A second component of the systems and methods described herein can be an endonuclease that can be customized to target a particular nucleotide sequence and generate a DSB at or near that sequence. As noted above, examples of customizable endonucleases include ZFNs, meganucleases, and TALE nucleases, as well as CRISPR/Cas systems. In particular, CRISPR/Cas molecules are components of a prokaryotic adaptive immune system that is functionally analogous to eukaryotic RNA interference, using RNA base pairing to direct DNA or RNA cleavage. Directing DNA DSBs requires two components: the Cas9 protein, which functions as an endonuclease, and CRISPR RNA (crRNA) and tracer RNA (tracrRNA) sequences that aid in directing the Cas9/RNA complex to target DNA sequence (Makarova et al., Nat Rev Microbiol, 9(6):467-477, 2011). The modification of a single targeting RNA can be sufficient to alter the nucleotide target of a Cas protein. In some cases, crRNA and tracrRNA can be engineered as a single cr/tracrRNA hybrid to direct Cas9 cleavage activity (Jinek et al., Science, 337(6096):816-821, 2012).

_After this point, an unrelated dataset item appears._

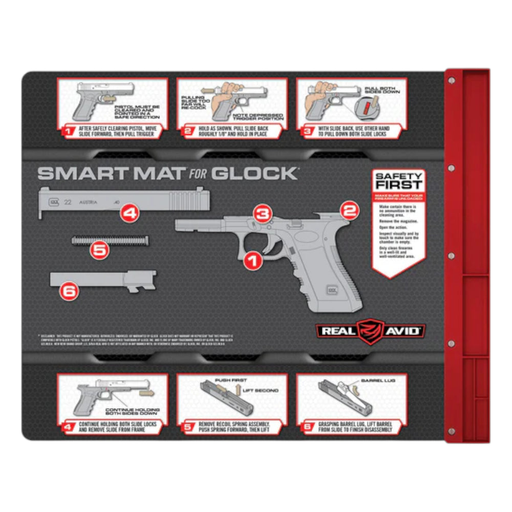 Die Real Avid Reinigungsmatte Glock Smart Mat ist eine durchdachte Arbeitsunterlage für das Reinigen und Zerlegen von Glock-Pistolen. Sie bietet sichtbar aufgedruckte Anleitungen zur Feldzerlegung, damit jedes Teil korrekt zugeordnet wird. Ein integrierter Teilefach verhindert das Verlieren von Stiften, Federn oder Schrauben beim Zerlegen. Die rutschfeste Unterseite und die ölresistente Oberfläche schützen Ihren Untergrund beim Reinigen. Durch die kompakte Grösse passt die Matte perfekt auf Werkbank, Tisch oder im Range-Bereich. Ideal für Schützen, Waffenwarte und Heimwerker, die Ordnung und Schutz beim Reinigungsprozess wollen.

Like TALE nucleases, for example, the components of a CRISPR/Cas system (the Cas9 endonuclease and the crRNA and tracrRNA, or the cr/tracrRNA hybrid) can be delivered to a cell in a geminivirus-based replicon.

The coding sequence for an endonuclease can be operably linked to a promoter that is inducible, constitutive, cell specific, or activated by alternative splicing of a suicide exon. Strong, constitutive promoters may be particularly useful. Such promoters include, without limitation, the maize ubiquitin promoter (ZmUbi) used in the experiments described below, the ubiquitin promoter from Panicum virgatum (PvUbi), the ubiquitin 10 (Ubi10) promoter from Arabidopsis thaliana, the Actin 1 (Act-1) promoter from rice, the nopaline synthase (nos) promoter, octopine synthase (ocs) promoter, and mannopine synthase (mas) promoters from Agrobacterium tumefaciens, and the 35S promoter from cauliflower mosaic virus. The plant can be infected with a viral replicon containing a repair template, and the endonuclease can be expressed to cleave the DNA at the target sequence, facilitating HR on either side of the repair template to be integrated.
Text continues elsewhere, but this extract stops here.